In regard to issue 1, we have been informed by the Office of Inspection and Control that while Evergreen's application for participation in the Bureau of Census' Automated Export Reporting Program is currently being considered, to date it has not been accepted. We note that Attachment B of your letter is merely a blank sample authorization request. Consequently, Evergreen was not an "automatic filer" or "electronic filer" of Department of Commerce validated licenses on the date of the vessel clearance in question. Accordingly, Evergreen was not exempt from the requirement to file an SED pursuant to the aforementioned Customs Regulations.

Assuming, arguendo, Evergreen's status as an "automatic filer" or "electronic filer" as discussed above, the bill of lading nonetheless had to be presented prior to the lading or exportation of the cargo pursuant to 15 CFR 786.1(c)(2). We note that Evergreen did not present the bill of lading prior to the lading or exportation and they further stated that the manifest was filed complete when in fact it was not.

As for Evergreen's reliance on the February 27, 1987, letter from the District Director of Norfolk, we note that the statement contained therein regarding the filing of bills of lading is not consistent with Customs policy on this matter.

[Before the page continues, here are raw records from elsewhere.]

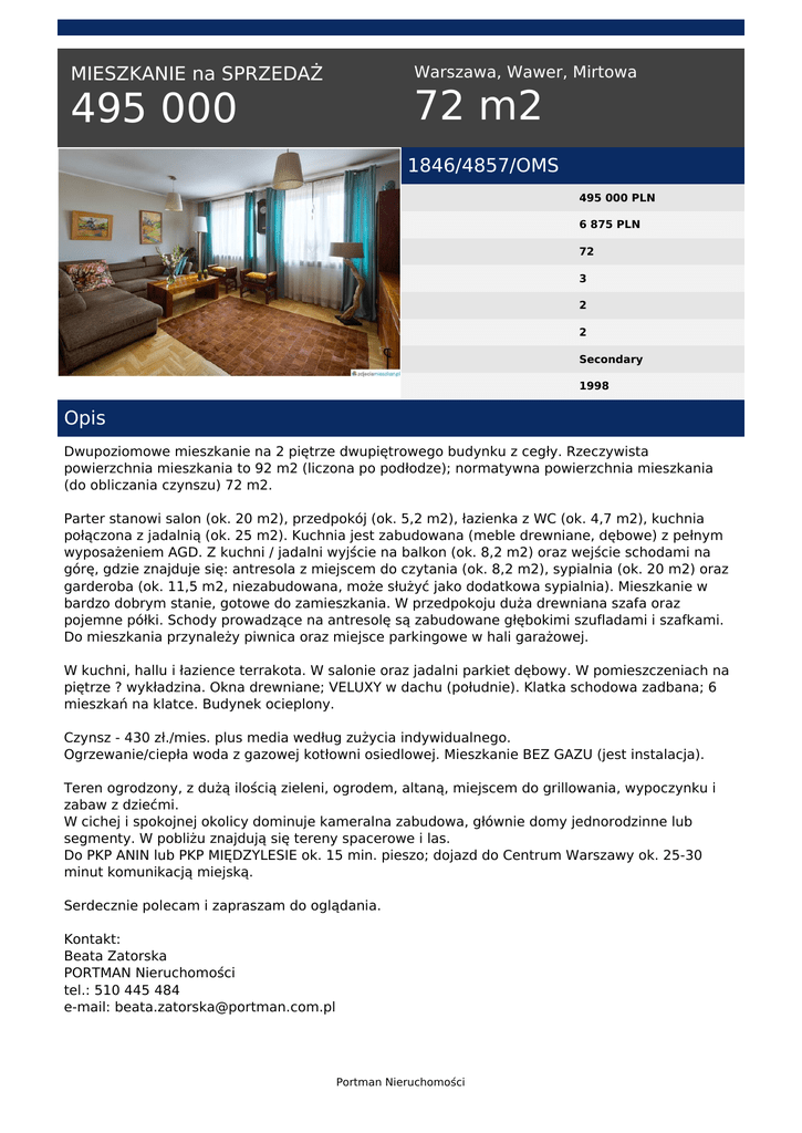 Warszawa, Wawer, Mirtowa MIESZKANIE na SPRZEDAŻ 72 m2 495 000 1846/4857/OMS 495 000 PLN 6 875 PLN 72 3 2 2 Secondary 1998 Opis Dwupoziomowe mieszkanie na 2 piętrze dwupiętrowego budynku z cegły. Rzeczywista powierzchnia mieszkania to 92 m2 (liczona po podłodze); normatywna powierzchnia mieszkania (do obliczania czynszu) 72 m2. Parter stanowi salon (ok. 20 m2), przedpokój (ok. 5,2 m2), łazienka z WC (ok. 4,7 m2), kuchnia połączona z jadalnią (ok. 25 m2). Kuchnia jest zabudowana (meble drewniane, dębowe) z pełnym wyposażeniem AGD. Z kuchni / jadalni wyjście na balkon (ok. 8,2 m2) oraz wejście schodami na górę, gdzie znajduje się: antresola z miejscem do czytania (ok. 8,2 m2), sypialnia (ok. 20 m2) oraz garderoba (ok. 11,5 m2, niezabudowana, może służyć jako dodatkowa sypialnia). Mieszkanie w bardzo dobrym stanie, gotowe do zamieszkania. W przedpokoju duża drewniana szafa oraz pojemne półki. Schody prowadzące na antresolę są zabudowane głębokimi szufladami i szafkami. Do mieszkania przynależy piwnica oraz miejsce parkingowe w hali garażowej. W kuchni, hallu i łazience terrakota. W salonie oraz jadalni parkiet dębowy. W pomieszczeniach na piętrze ? wykładzina. Okna drewniane; VELUXY w dachu (południe). Klatka schodowa zadbana; 6 mieszkań na klatce. Budynek ocieplony. Czynsz - 430 zł./mies. plus media według zużycia indywidualnego. Ogrzewanie/ciepła woda z gazowej kotłowni osiedlowej. Mieszkanie BEZ GAZU (jest instalacja). Teren ogrodzony, z dużą ilością zieleni, ogrodem, altaną, miejscem do grillowania, wypoczynku i zabaw z dziećmi. W cichej i spokojnej okolicy dominuje kameralna zabudowa, głównie domy jednorodzinne lub segmenty. W pobliżu znajdują się tereny spacerowe i las. Do PKP ANIN lub PKP MIĘDZYLESIE ok. 15 min. pieszo; dojazd do Centrum Warszawy ok. 25-30 minut komunikacją miejską. Serdecznie polecam i zapraszam do oglądania. Kontakt: Beata Zatorska PORTMAN Nieruchomości tel.: 510 445 484 e-mail: [email protected] Portman Nieruchomości Beata Zatorska tel. 510 445 484 email: [email protected] Portman Nieruchomości Powered by TCPDF (www.tcpdf.org)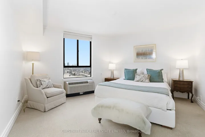 Penthouse 21 – The Masters. This spacious, light filled penthouse suite has it all! 3 bedrooms 2 baths, kitchen with breakfast bar, en-suite laundry, plenty of storage, 3 balconies, and parking for 2 cars, all within an award-winning building offering superior amenities. This split-design suite has the primary bedroom located in a designated wing that provides privacy and features an ensuite bathroom plus an oversized walk-in closet. The family bedrooms and second bathroom are located on the other side of the large living area, with a built-in desk unit in the middle room, perfect for schoolwork or a home office. The Masters is a fabulous resort-style community set on 11 acres of beautifully landscaped grounds, with walking paths and a Japanese garden. It offers plenty of amenities: indoor and outdoor saltwater pools, sauna, clubhouse and games room, playground, a fully equipped gym, squash, basketball and tennis courts, woodworking room, craft room, and car wash area. A complete refurbishment and upgrade of the common areas is well underway! This large penthouse suite offers outstanding value, comfort and lifestyle – a rare opportunity to own a piece of paradise in one of Etobicoke’s most desirable locations.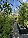 Im Gewächshaus gedeihen unter anderem Gurken und Tomaten.
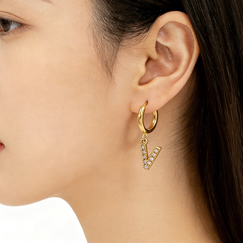 Home > Letter Jewelry > Steel Letter Earrings > Level B Stainless Steel Jewelry New Trendy Sticky Stone Letter V Golden Hoop Earring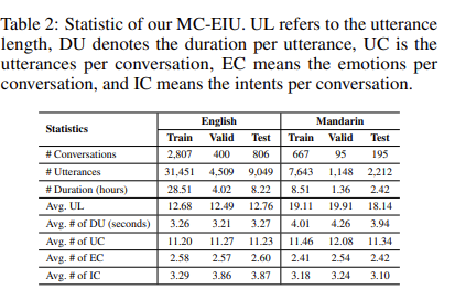 Table 2를 통해서 MC-EIU 데이터셋의 통계를 볼 수 있습니다. 총 56,012개의 발화로 구성되어 있으며, 여기에는 4,013개의 English conversation, 957개의 Madarin conversation으로 구성되어 있습니다. 시간으로 계산으로 총 54.06 시간 분량을 가진다고 합니다. 당연하게도 train, valid, test set을 구성하여서 제공하고 있고, 비율은 7:1:2라고 합니다.

Accordingly, we find that the circumstances of this case constitute a violation of 46 U.S.C. App. 91. We also concur with the recommendation of the Baltimore District Director that Evergreen has not presented any additional facts which would justify cancellation of the penalty. Therefore the supplemental petition is properly denied.

In regard to issue 2, we note that 46 U.S.C. App. 91 penalties are properly assessed against the master of the vessel. However, for practical reasons the penalty notice is sent to the vessel line or agent. We will clarify the correct citation procedures with our field offices.


1. The failure to submit a bill of lading referencing a Commerce Department license prior to a vessel's clearance is a violation of 46 U.S.C. App. 91.

2. A penalty for violation of 46 U.S.C. App. 91 is properly assessed against the master.